Jan. 30—It has been hard to digest the daily slaughter in Gaza, much less the foreboding sense of imminent doom, awaiting the day when the word goes out that a new epidemic has been born—born out of the lethal mixture of 1.9 million displaced Palestinians, most living through a winter exposed to the elements, trapped without proper sustenance, without clean water, without proper sanitation, living in overcrowded makeshift camps.

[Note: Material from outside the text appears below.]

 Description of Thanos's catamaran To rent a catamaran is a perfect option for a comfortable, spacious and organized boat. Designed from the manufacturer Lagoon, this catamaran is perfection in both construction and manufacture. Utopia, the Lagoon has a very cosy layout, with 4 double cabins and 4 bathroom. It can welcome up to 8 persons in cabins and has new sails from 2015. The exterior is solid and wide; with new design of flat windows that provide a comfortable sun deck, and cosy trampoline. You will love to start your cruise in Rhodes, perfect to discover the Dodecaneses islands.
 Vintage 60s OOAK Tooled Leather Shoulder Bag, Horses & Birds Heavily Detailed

It took almost 100 days before a major body in the West, the International Court of Justice, could actually give voice to the horror and create the possibility of healing. From the West Bank, on Jan. 28, Bethlehem’s Rev. Munther Isaac identified what South Africa had accomplished before the IJC on Jan. 11: “I think the ICJ could be a momentous point in our history, because it showed what the divide is… I think the ICJ deliberations and how countries respond to it clearly shows where people stand today, and where countries stand today. Gaza is indeed right now the moral compass of the world, and where people stand regarding the genocide that is happening in Gaza right now is important. You are either justifying the genocide or really standing with humanity and solidarity with the oppressed. To me, this is the most important moral and ethical element of the ICJ, in that it divided our world.”

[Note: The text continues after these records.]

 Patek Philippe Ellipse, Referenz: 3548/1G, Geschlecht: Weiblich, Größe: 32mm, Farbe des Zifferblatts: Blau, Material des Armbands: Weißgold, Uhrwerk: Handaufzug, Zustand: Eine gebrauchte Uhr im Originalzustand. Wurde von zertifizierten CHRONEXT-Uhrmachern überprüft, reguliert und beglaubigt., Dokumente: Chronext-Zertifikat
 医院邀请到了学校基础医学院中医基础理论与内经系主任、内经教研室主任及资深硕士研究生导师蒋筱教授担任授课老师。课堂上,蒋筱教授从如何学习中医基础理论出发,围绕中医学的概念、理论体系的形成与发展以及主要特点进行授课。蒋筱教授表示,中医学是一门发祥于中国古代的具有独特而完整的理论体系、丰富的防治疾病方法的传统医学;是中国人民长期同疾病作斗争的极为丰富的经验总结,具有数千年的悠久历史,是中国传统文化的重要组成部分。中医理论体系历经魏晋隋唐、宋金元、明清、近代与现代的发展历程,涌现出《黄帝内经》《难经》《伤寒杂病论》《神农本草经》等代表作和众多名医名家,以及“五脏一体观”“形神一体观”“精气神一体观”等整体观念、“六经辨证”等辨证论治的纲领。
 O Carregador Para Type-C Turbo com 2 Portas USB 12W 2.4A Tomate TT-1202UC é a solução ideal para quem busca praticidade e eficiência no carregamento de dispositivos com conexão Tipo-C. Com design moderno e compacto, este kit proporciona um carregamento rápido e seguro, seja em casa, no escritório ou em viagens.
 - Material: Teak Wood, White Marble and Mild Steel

The Schiller Institute call, entitled “International Court of Justice Mandates: ‘The Arc of the Moral Universe Bends Towards Justice!’,” certainly situates Wednesday’s deliberations at the UN Security Council over a resolution to hold Israel’s feet to the fire, both on implementing the ICJ legal orders to end the killings and to rush immediate and sufficient aid into Gaza. But it is not merely an issue for diplomats at the UN. The United States, its representatives, every citizen gets a chance to begin its own healing.
The call concludes: “The courageous stand of Nelson Mandela’s South Africa on behalf of humanity, and therefore of the Palestinians, must now be adopted by all of us, as we shame the Anglo-American Establishment, and its accomplices, into exposing themselves to the world. And while it is they who are the perpetrators of war and genocide, it is we who are the preventers of it—should we choose to do so.”

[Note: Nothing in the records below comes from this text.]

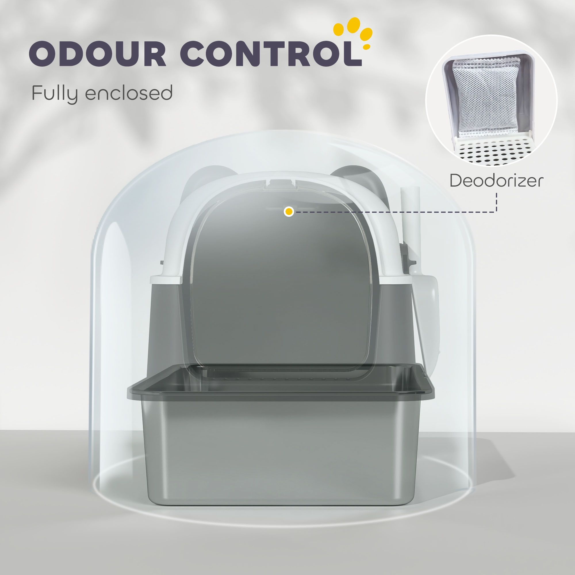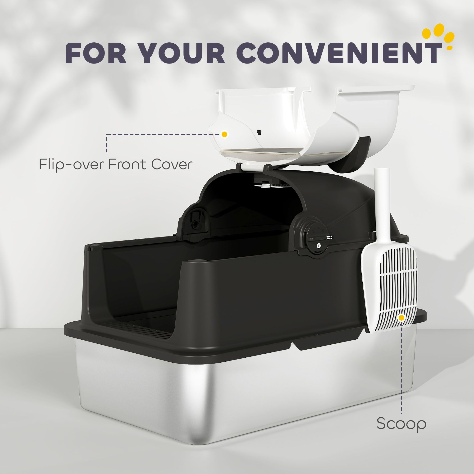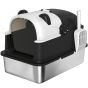 PAWSTER Panda Style XL Stainless Steel Cat Litter Box with Lid Enclosed - Black
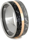 - HAND-CRAFTED Couples Rings: Men's Flat Ring with Flat Edging is 10.00 Millimeters Titanium Polished Sleeve Encircled By Gibeon Meteorite and 14k Rose Gold Pinstripe with Black Stardust Overlay; Women's Domed Profile is 5.50 Millimeters Wide, 14k White Gold Polished Sleeve Encirled By Round Diamond Eternity with Meteorite and 14k White and Rose Gold Pinstripe Overlay; Both are Hypoallergenic Comfort-Fit Titanium Rings
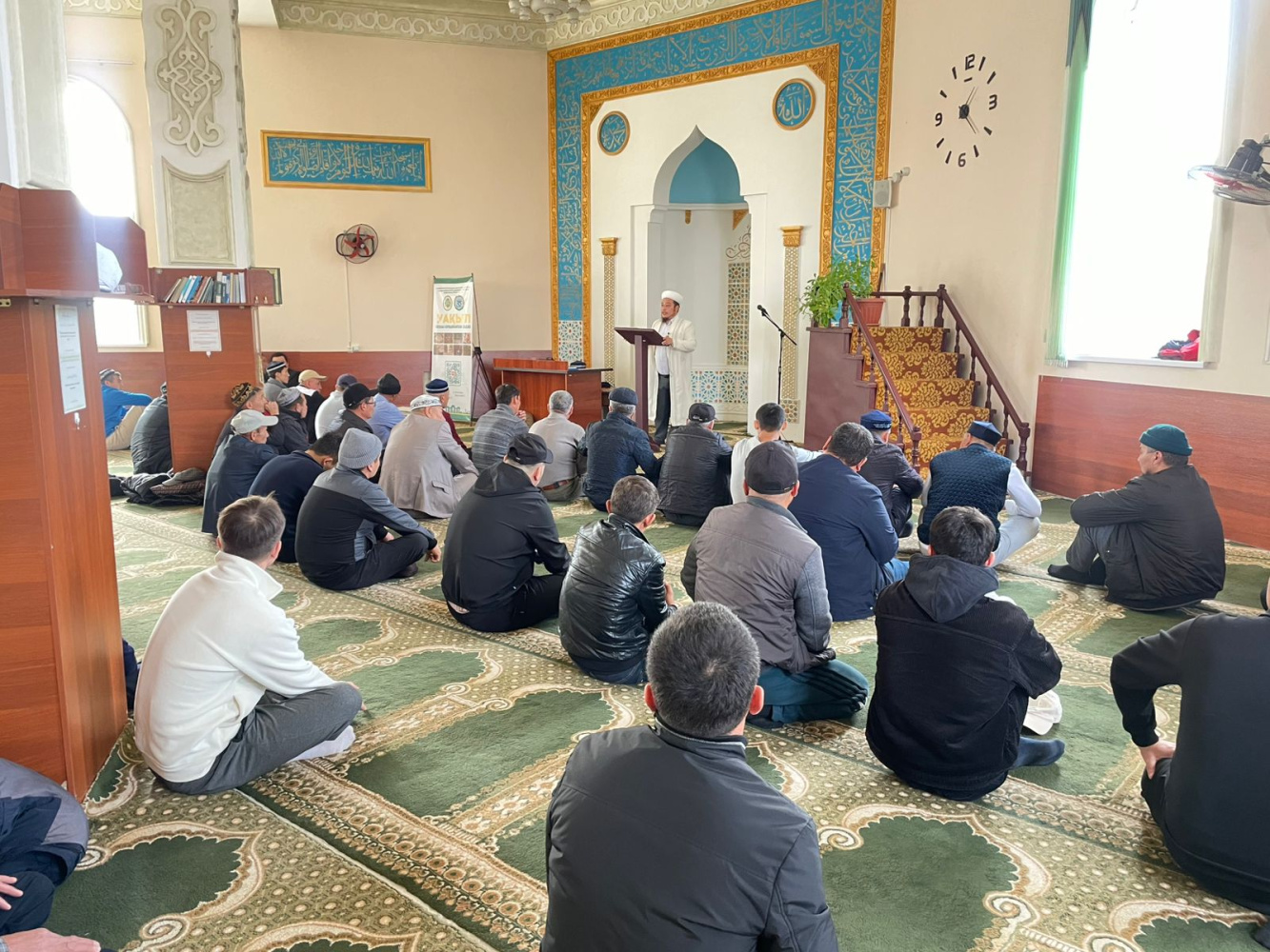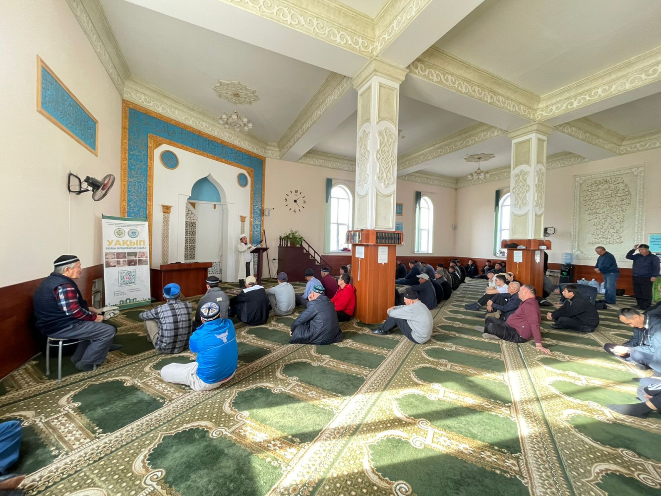 Жамбыл аудандық орталық "Бәйдібек" мешітінің бас имамы Даурен Куттыбаев мешітке жиналған жамағатқа "Уақып - қайырлы амал" тақырыбында үгіт-насихат жұмысын жүргізді.
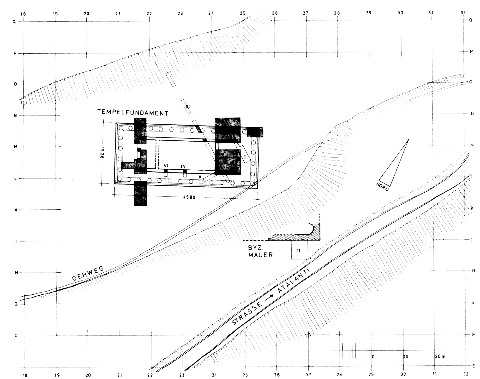On a pu relever le plan du temple (fig. 97) : les fondations mesurent ±19,26x45,80 m, le stylobate doit avoisiner 17,68x44,20 m. Les proportions sont 2/5. Le péristyle comporte 6x14 colonnes, mais on ne peut déterminer s'il y avait des travées inégales sur le long et le petit côté. Le temple, dont les fondations sont de pôros tendre et l'élévation de calcaire gris, a été considérablement pillé ; il ne subsiste, du côté de l'opisthodome, que le toichobate qui présente des traces d'antes et de colonnes in antis (fig. 98) et l'assise inférieure de la krépis : manquent le degré intermédiaire et le stylobate.
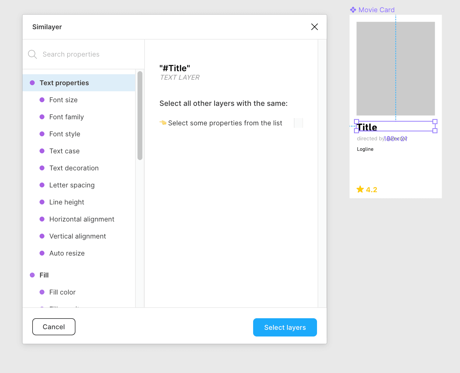 As you can tell from the name, Similayer allows you to select all layers that share the same properties. I found it extremely useful when you have created a bunch of components and want to edit some of the instances. All the properties from the design panel can be used as select criteria.
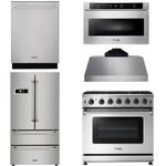 This Thor Kitchen appliance package has a powerful stainless steel 36 inch propane gas range, Under Cabinet Range Hood, 36 inch refrigerator with water and ice dispenser, 24 inch dishwasher and 24 inch microwave drawer.
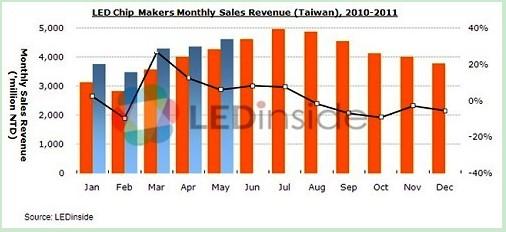 近日消息,據(jù)統(tǒng)計(jì),2011年5月臺(tái)灣上市上柜 LED 廠商營(yíng)收總額約新臺(tái)幣99.57億元(月成長(zhǎng)5.8%、年成長(zhǎng)8.3%)。

Will it be Britain or the US or both that defile themselves with a veto of such a resolution? Or might Wednesday be the day that the shame is too much to bear? And if anyone exercises a veto, how much more charged up will the General Assembly be to put things right? The point is that, whatever evils were done to South Africa’s population over the years of apartheid, they have fashioned themselves into a moral force, capable of putting a clear choice to the world. So, it can be a lot more fun, more profoundly enjoyable, to act morally than to defile oneself.
Farmers in Greece, France and Germany are leading the charge with tractorcades and public actions, saying the insanity of undermining production must end. As with South Africans, farmers also have fashioned themselves into a moral force, simply because they insisted upon a livelihood that is necessary for humanity.
Call it an outbreak of public sanity, or whatever—but it is a precious gift not to be squandered. Choose not to.